This is an excellent question, because usually when it comes to criminal defense, judges control the sentence, while prosecutors control what the charges are. So, a lot of times a case can't be worked out or resolved because a defendant wants a misdemeanor and the prosecutors have charged him or her with a felony and they will not reduce the case down to a misdemeanor.
Therefore, the defendant will not take a deal on the case because they don't want to plead to a felony and be subjected to all of the penalties that come along with that, like the loss of your ability to bear arms, the loss of your ability to vote, the fact that you're typically going to be put on felony probation. There's a whole host of problems that come along with a felony.
So, the question becomes, when can the judge get involved and try to reduce a felony to a misdemeanor? There are some circumstances where the judge can do it. There's a Penal Code 17(b)(5), which basically says that the judge has the authority to reduce a felony to a misdemeanor.
A lot of times what you need in order to try to get the judge to do that is you have to get the facts of the case in front of the judge. Where that usually happens, at least in my experience, is when you do a preliminary hearing in front of the judge. The judge can see what the charge is all about, and then it's just a matter of them looking at the probation report in the case to see what the person's criminal record looks like.
Those are the two key ingredients that the judge needs to decide whether the case warrants a reduction from a felony to a misdemeanor.
At the end of a preliminary hearing, defense attorneys often step in to advocate for a reduction to a misdemeanor if the judge doesn't dismiss the case. This proactive approach can significantly impact the case's outcome.
When the judge reduces the case to a misdemeanor, it often paves the way for a more favorable resolution.

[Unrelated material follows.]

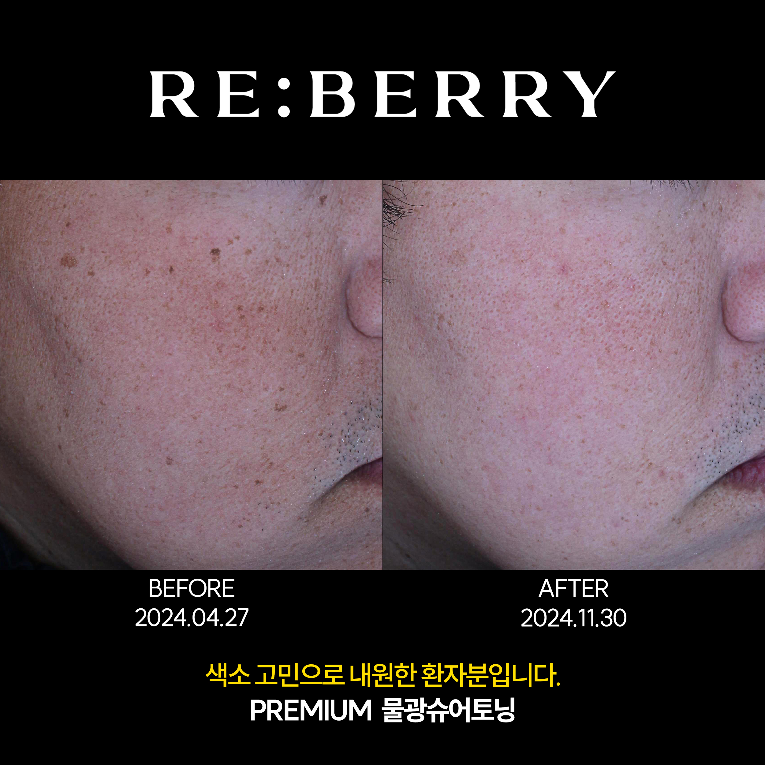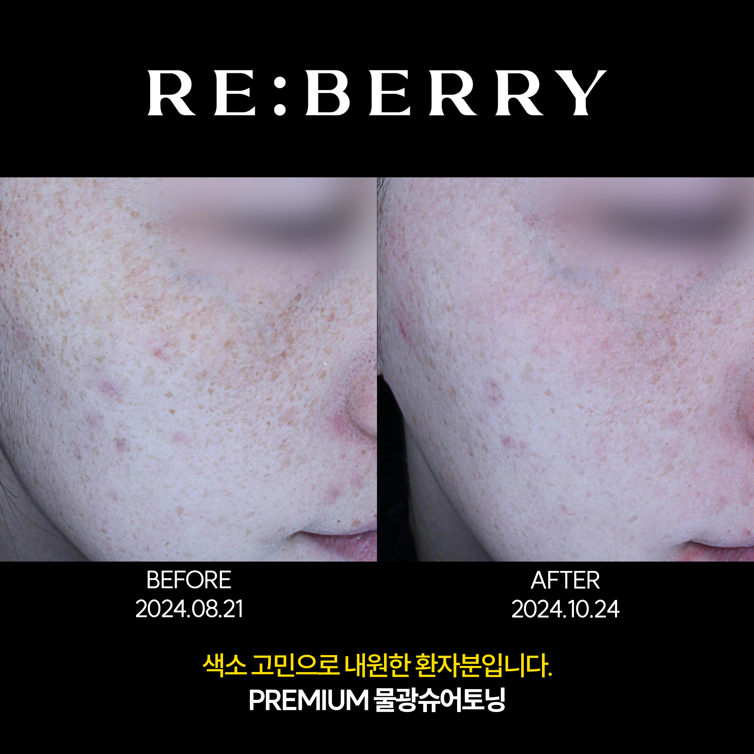 토닝 치료 후 맑아지고 깨끗해진 피부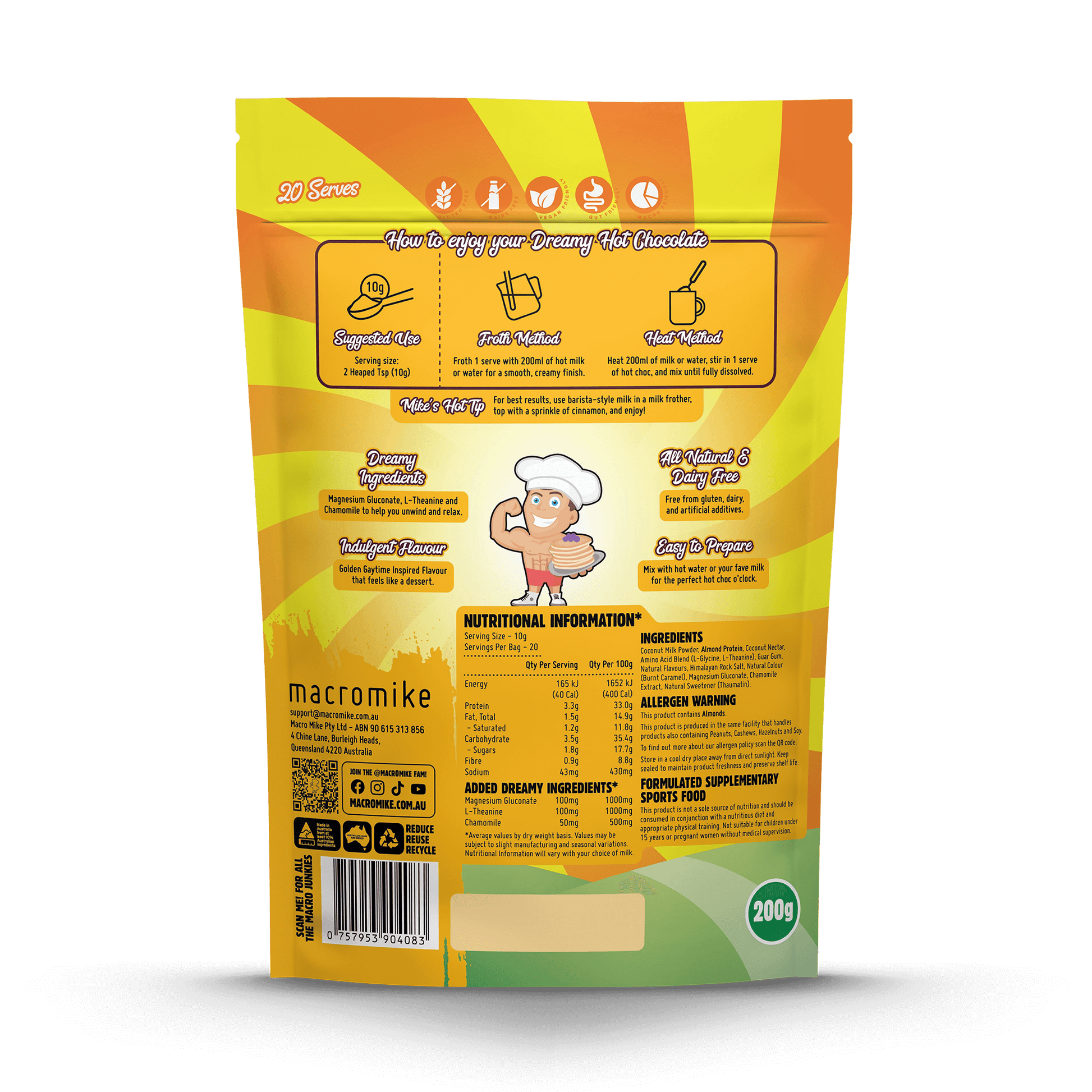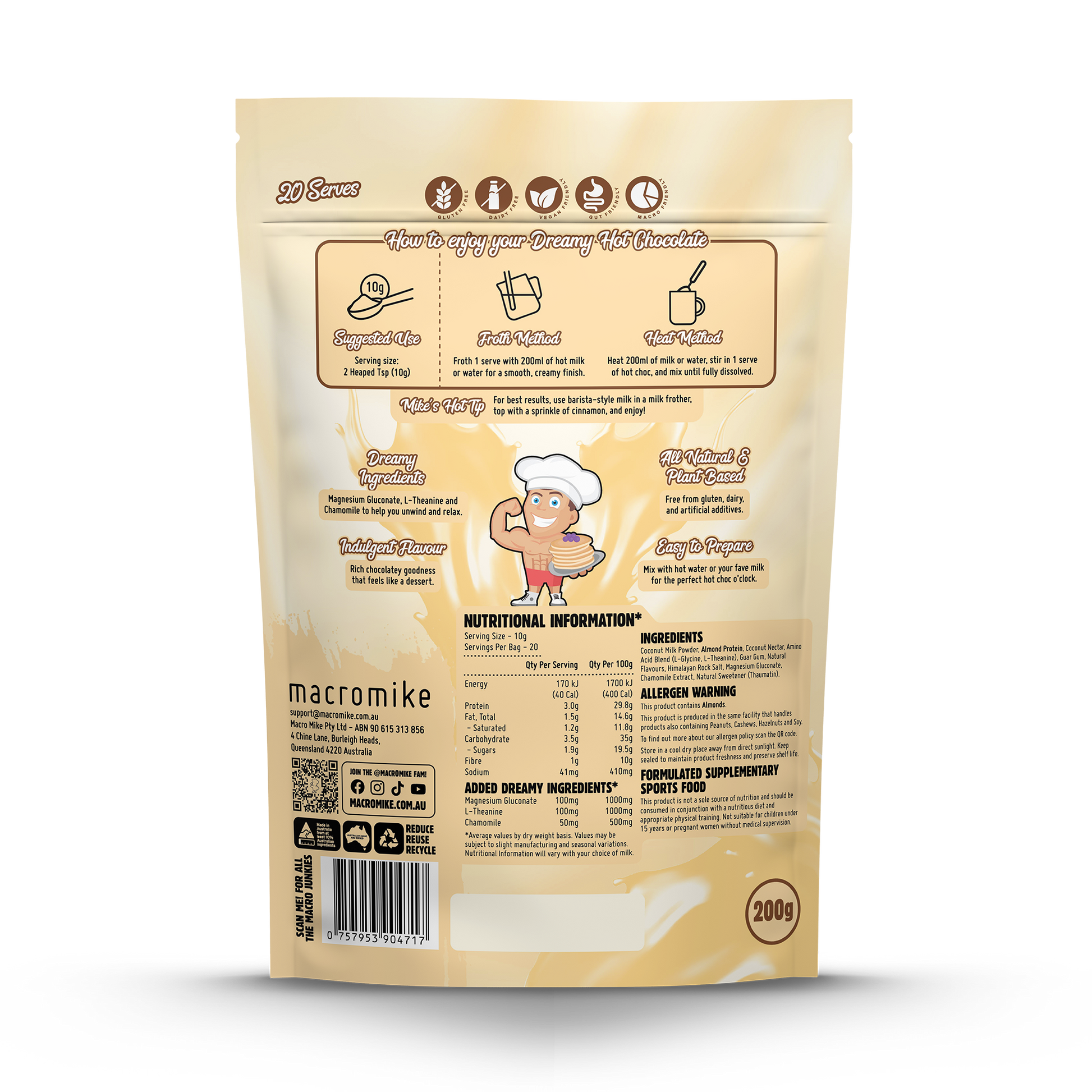 Unwind in style with Macro Mike Dreamy Hot Chocolate—the ultimate better-for-you, bedtime indulgence! 🌙✨ Available in three indulgent flavours, this creamy, dreamy hot chocolate is crafted on our signature Almond Protein and coconut milk powder base for a rich, velvety sip every time.

The individual is no longer at risk of being placed on felony probation or facing the severe consequences of a felony conviction.
Defense Motion For a PC 17(b) Reduction to Misdemeanor
That's probably the biggest area where I see judges having the power and actually being willing to use the power is when the defense makes a motion for a 17(b)(5) under that Penal Code Section for the judge to reduce the case down to a misdemeanor.
It's at this point, after considering all the facts, that the judge usually exercises their authority to reduce a case from a felony to a misdemeanor. This reassures the defendant that their behavior and the circumstances of the case are being carefully weighed.
And that's really what they're looking at and weighing in, deciding whether to actually reduce a case from a felony to a misdemeanor — what happened in the case? Is it felony conduct? Does this person have a history of committing crimes where they really don't deserve to get a misdemeanor in the case?
How dangerous is the person? And what other things can the defense point out to the judge that makes sense to reduce the case down to a misdemeanor.
Another area where I see judges having the power to reduce a felony to a misdemeanor is when somebody pleads to a felony—that's a wobbler. A wobbler is a term used to describe a crime that can be charged as either a felony or a misdemeanor, depending on the circumstances and the defendant's criminal history. This means it can be reduced down to a misdemeanor at some point, and at the end of probation, the person does everything they're supposed to.
They complete all of the terms and conditions and don't have any new arrests. A lot of times, the defense attorney can file a motion with the court at the end of probation to reduce the case to a misdemeanor. A lot of times, that's going to be granted if it's the right type of case to reduce to a misdemeanor. For instance, non-violent crimes or first-time offenses are often considered the right type of case. If the person was successful in their probation and didn't have any violations, the judge feels it's the right thing to do.